**The problem:** Skip the pictures. Return exactly the lines from the one containing "Pl. 1 Cupă rituală" through the end of the entries below.

**Task material:**

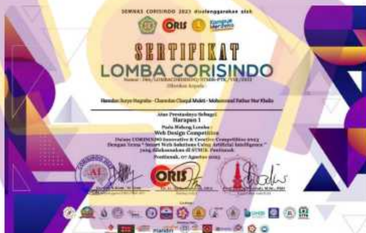
Gambar 4. 4 Sertifikat Juara Harapan 1 Web Design Competition
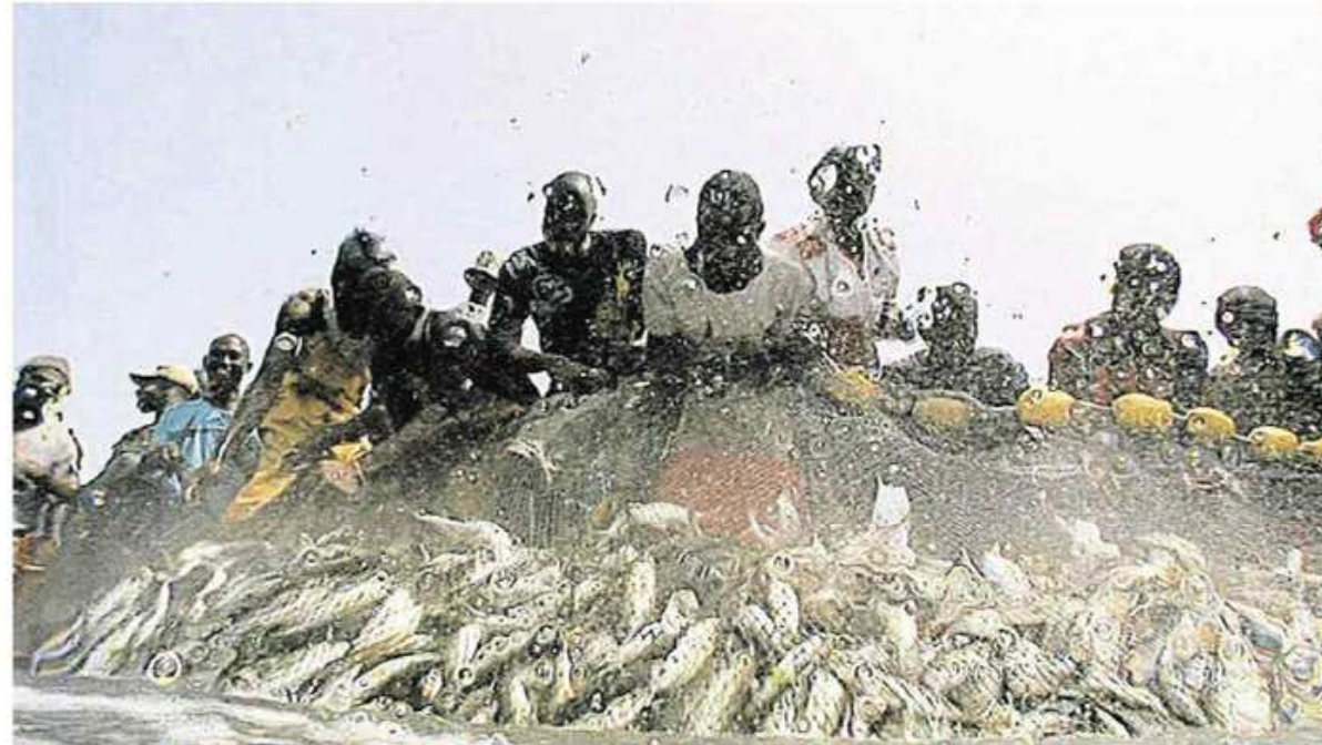
En ouverture du festival, « The end of the line », documentaire choc qui annonce la fin de la pêche...

14 h : Attention hypothermie , du Lorientais Emmanuel Audrain (36 mn, Bretagne). Un film de prévention qui s'appuie sur des témoignages émouvants. Participation du réalisateur. 14 h 45 : Agua Viva , d'Anouk Dominguez (25 mn, Brésil). Une invitation à plonger dans un univers de vie et de mort. 15 h 45 : Territoires , de Marie Daniel (20 mn, France). Les rapports entre les éleveurs de poissons et les comorans dans la Brenne. Participation du réalisateur. 16 h 30 : La barre , de Jean-François Pahun (52 mn, Bretagne). Le drame du 3 octobre 1958 à la barre d'Étel où neuf personnes
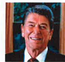
Oltmans was geen fan van Ronald Reagan

Als minister van Buitenlandse Zaken verklaarde Ben Bot (77) in 2005 bij de viering van de 60-jarige onafhankelijkheid van Indonesië dat Nederland met zijn politieke acties in Nederlands-Indië (1947-1949) 'aan de verkeerde kant van de geschiedenis' was komen te staan.
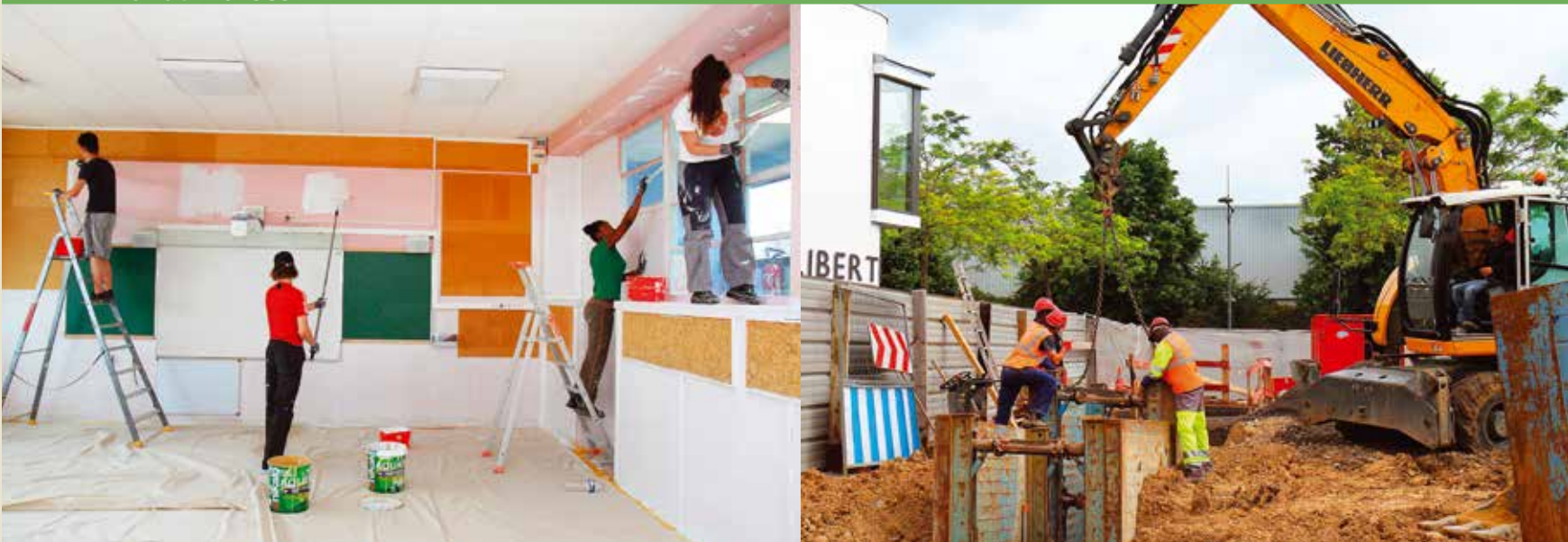
Un chantier d'été à l'école Pierre et Marie Curie (à gauche) et la réfection des réseaux enterrés dans la rue de Verdun (à droite).

Les agents municipaux ont mis à profit la saison estivale pour effectuer ou faire faire de nombreux travaux de voirie ou dans les bâtiments communaux. Les jeunes des chantiers d'été ont également contribué à ces travaux.
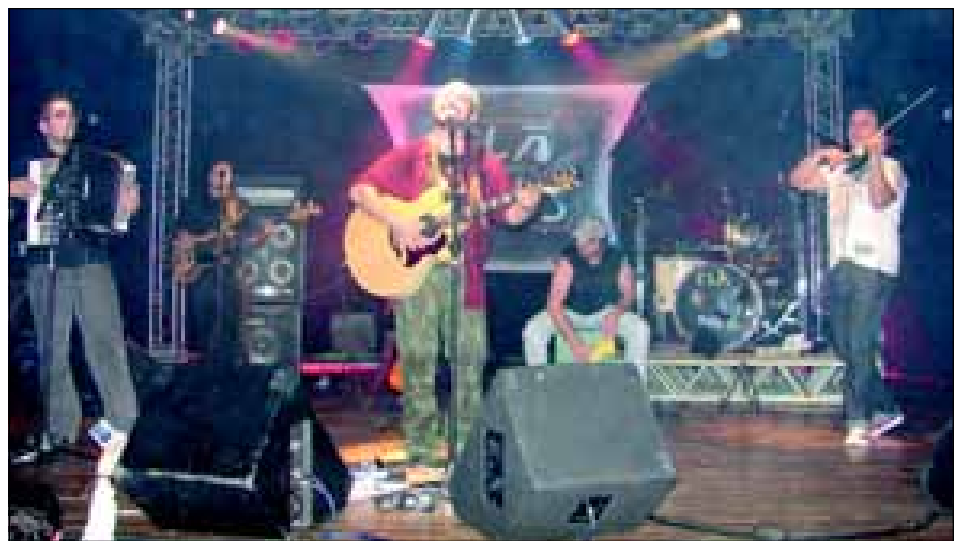
A banda avareense Clã Destinos abriu o festival no dia 10, com show no Teatro Municipal

Festa avareense A festa da premiação das músicas vencedoras da FAMPOP foi toda dos músicos
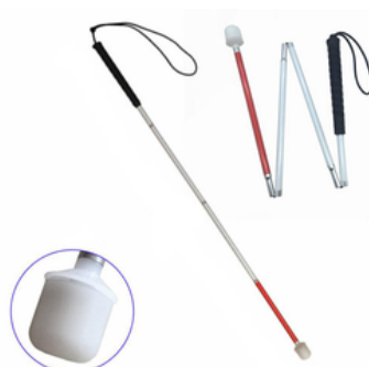
CANNE STICK NON VOYANT A BILLE TOURNANTE - LOCOMOTION
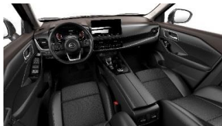
N-Trek Musta - Keinonahka
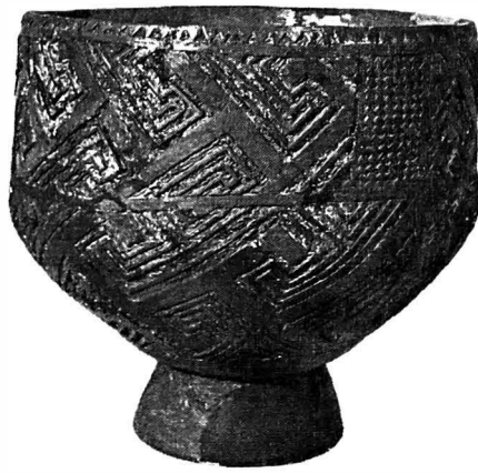
Pl. 1 Cupă rituală descoperită în sanctuarul Boian - Giulești final.
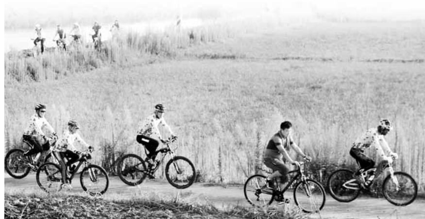
강진만 자전거 여행 참가자들이 강진만 갈대숲에서 라이딩을 즐기고 있다.

를 구입하고, 자전거가 없는 관광객과 향우, 군민들에게 당일 선착순 무료로 대여하고 있다. 행사 이후에도 평소 자전거를 탈 수 있도록 사전에 신청을 하면 자전거를 무료로 대여해 준다. 강진군체육회 관계자는 “자전거여행을 통해 군민들이 건강증진과 여가를 즐길 수 있는 좋은 프로그램을 보급해 나가겠다”면서 “앞으로도 군민들의 생활체육 분야 참여율을 높여 나갈 계획”이라고 말했다. 자전거여행은 강진군체육회 홈페이지( http://www.gangjinsports.co.kr ) 또는 전화 (061-434-7330)로 연락하면 언제나 신청이 가능하다. /강진=남철희기자 chou@kwangju.co.kr
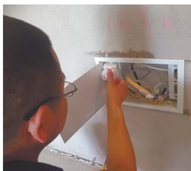
光纤入户信息箱内一插座相零错。

**Answer to this problem:**
Pl. 1 Cupă rituală descoperită în sanctuarul Boian - Giulești final.
강진만 자전거 여행 참가자들이 강진만 갈대숲에서 라이딩을 즐기고 있다.

를 구입하고, 자전거가 없는 관광객과 향우, 군민들에게 당일 선착순 무료로 대여하고 있다. 행사 이후에도 평소 자전거를 탈 수 있도록 사전에 신청을 하면 자전거를 무료로 대여해 준다. 강진군체육회 관계자는 “자전거여행을 통해 군민들이 건강증진과 여가를 즐길 수 있는 좋은 프로그램을 보급해 나가겠다”면서 “앞으로도 군민들의 생활체육 분야 참여율을 높여 나갈 계획”이라고 말했다. 자전거여행은 강진군체육회 홈페이지( http://www.gangjinsports.co.kr ) 또는 전화 (061-434-7330)로 연락하면 언제나 신청이 가능하다. /강진=남철희기자 chou@kwangju.co.kr
光纤入户信息箱内一插座相零错。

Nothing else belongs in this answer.